Sequence_ID(#pair)	chromosome	start	end	sgRNA_1	score_1	chromosome	start	end	sgRNA_2	score_2	distance_to_exclude_up_region	distance_to_exclude_down_region	distance_between_gRNAs	paired_score	mask_score	oligo
MALAT1(1)	chr11	65254653	65254676	TTATAGAGCCATTAGCCCAAGGG	0.868	chr11	65256189	65256212	AGTTCTGCCTCAGCTCAGGACGG	0.684	-50	291	1513	1.552	2	.
MALAT1(2)	chr11	65254685	65254708	GTTGGTCAAGTAAAGACACGTGG	0.835	chr11	65256189	65256212	AGTTCTGCCTCAGCTCAGGACGG	0.684	-18	291	1481	1.519	2	.
MALAT1(3)	chr11	65254574	65254597	ACAGGAATCAAACTCCAAAGGGG	0.729	chr11	65256189	65256212	AGTTCTGCCTCAGCTCAGGACGG	0.684	-129	291	1592	1.413	2	.
MALAT1(4)	chr11	65254645	65254668	CTAATGGCTCTATAAATTGGAGG	0.659	chr11	65256189	65256212	AGTTCTGCCTCAGCTCAGGACGG	0.684	-58	291	1521	1.343	2	.
MALAT1(5)	chr11	65254653	65254676	TTATAGAGCCATTAGCCCAAGGG	0.868	chr11	65256126	65256149	GCACCAGCCCAAGGCTGCATGGG	0.435	-50	228	1450	1.303	2	.

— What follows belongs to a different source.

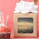 A stunning photograph of the sun setting over calm ocean water, reflecting warm colors for a dreamy coastal scene. Perfect for beach houses, travel lovers, modern interiors, or gifting.
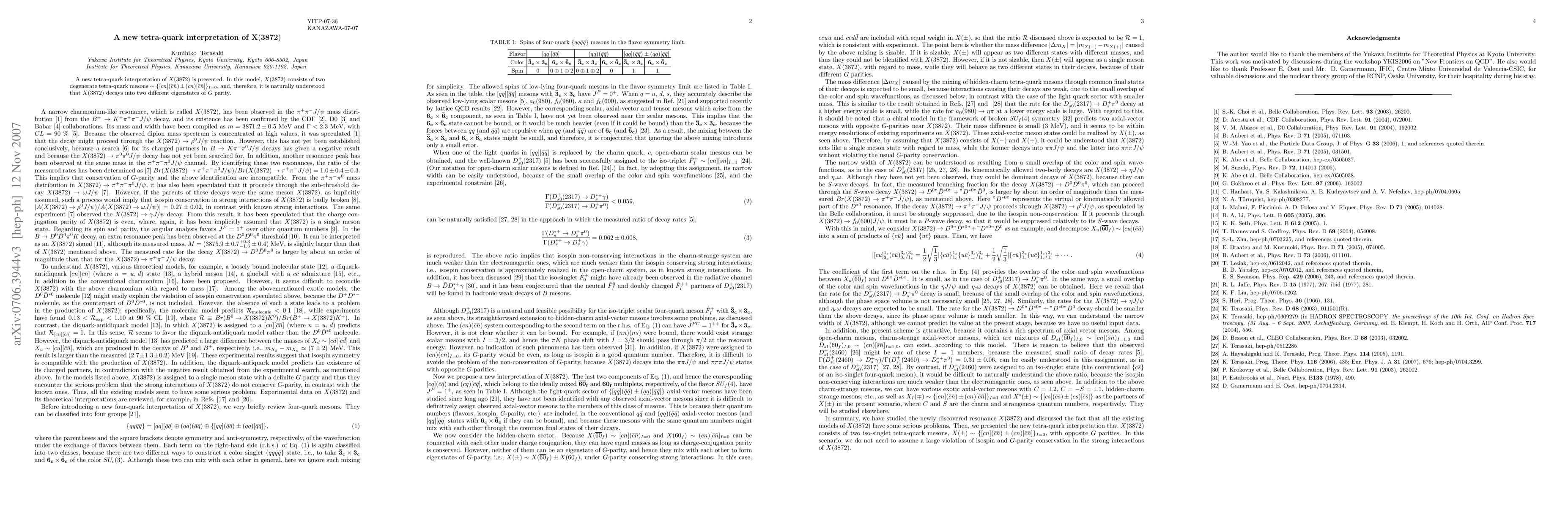 This paper proposes a new tetra-quark interpretation for X(3872) as two degenerate tetra-quark mesons, {[cn](cbar nbar) + (cn)[cbar nbar]}_{I=0}, explaining its decay into two distinct G-parity eigenstates.

DESIGN BED: A BED file of designed sgRNAs ready to be uploaded and visualised in the UCSC Genome Browser. This file will create two costum tracks: Target regions track and paired sgRNAs track.
SETTINGS: A summary of the run settings including all selected options and useful information about sgRNAs and pairs designed.

STATISTICS: Statistics and summary of the design performance: distribution of individual and paired scores of sgRNAs and pairs found, dristribution of pair distances and pie chart with the percentage of complete and incomplete designs.